BEGIN Dataset extract
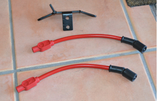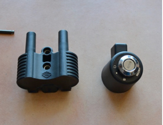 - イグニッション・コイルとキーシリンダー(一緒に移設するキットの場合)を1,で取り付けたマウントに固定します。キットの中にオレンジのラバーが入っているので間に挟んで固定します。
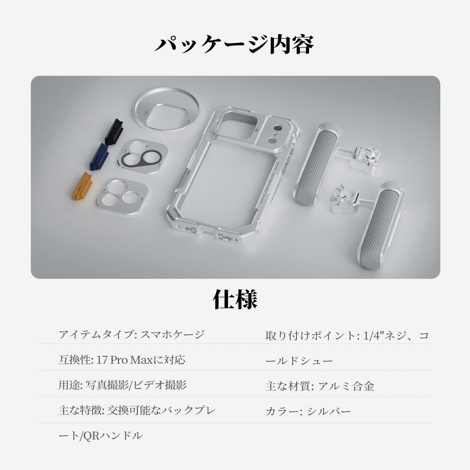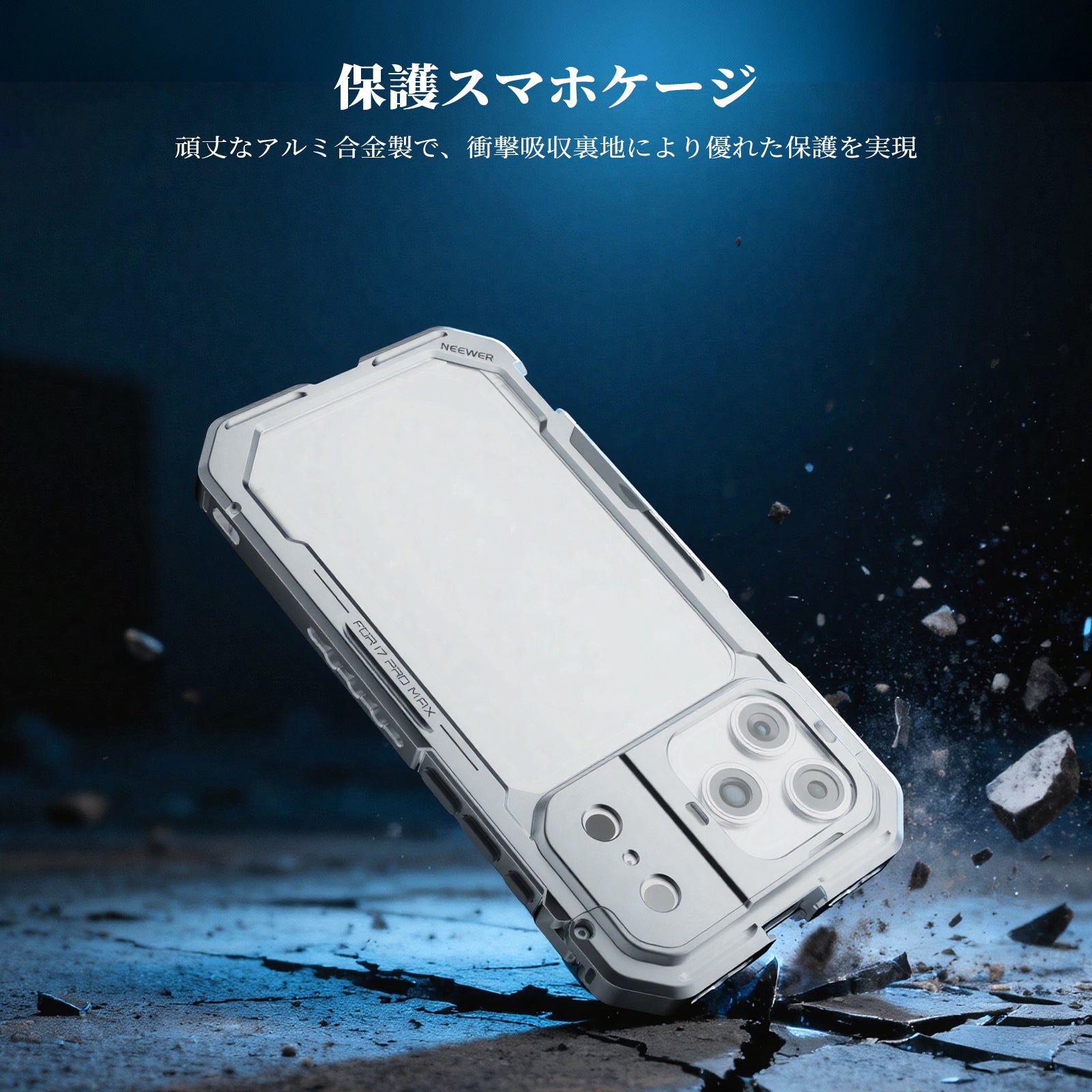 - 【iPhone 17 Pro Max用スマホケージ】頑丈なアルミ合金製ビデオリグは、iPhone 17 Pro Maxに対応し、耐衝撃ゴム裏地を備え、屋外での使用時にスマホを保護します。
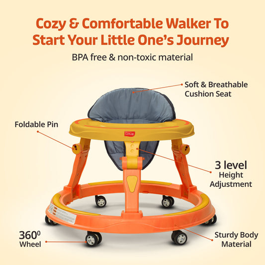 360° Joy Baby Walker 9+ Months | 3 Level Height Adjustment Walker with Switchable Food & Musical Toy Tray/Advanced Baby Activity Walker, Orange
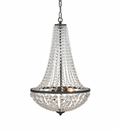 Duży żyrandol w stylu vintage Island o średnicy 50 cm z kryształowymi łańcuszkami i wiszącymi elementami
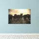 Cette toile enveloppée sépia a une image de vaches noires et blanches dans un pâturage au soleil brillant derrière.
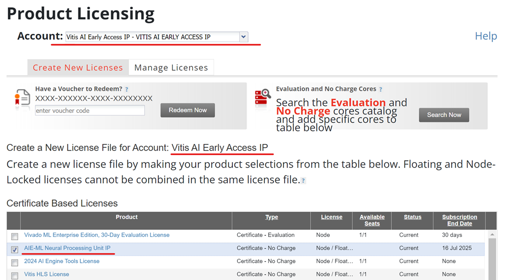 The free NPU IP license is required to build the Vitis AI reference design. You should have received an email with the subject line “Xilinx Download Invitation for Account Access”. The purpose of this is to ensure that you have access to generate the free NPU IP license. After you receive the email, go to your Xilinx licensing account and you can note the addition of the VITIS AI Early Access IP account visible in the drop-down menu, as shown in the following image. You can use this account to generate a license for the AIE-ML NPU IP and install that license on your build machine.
END Dataset extract
What the task requires: The final stretch of the data, from the line with "360° Joy Baby" through its last line, is to be retyped exactly; pictures are not part of the copy.

Answer to this exercise:
 360° Joy Baby Walker 9+ Months | 3 Level Height Adjustment Walker with Switchable Food & Musical Toy Tray/Advanced Baby Activity Walker, Orange
 Duży żyrandol w stylu vintage Island o średnicy 50 cm z kryształowymi łańcuszkami i wiszącymi elementami
 Cette toile enveloppée sépia a une image de vaches noires et blanches dans un pâturage au soleil brillant derrière.
 The free NPU IP license is required to build the Vitis AI reference design. You should have received an email with the subject line “Xilinx Download Invitation for Account Access”. The purpose of this is to ensure that you have access to generate the free NPU IP license. After you receive the email, go to your Xilinx licensing account and you can note the addition of the VITIS AI Early Access IP account visible in the drop-down menu, as shown in the following image. You can use this account to generate a license for the AIE-ML NPU IP and install that license on your build machine.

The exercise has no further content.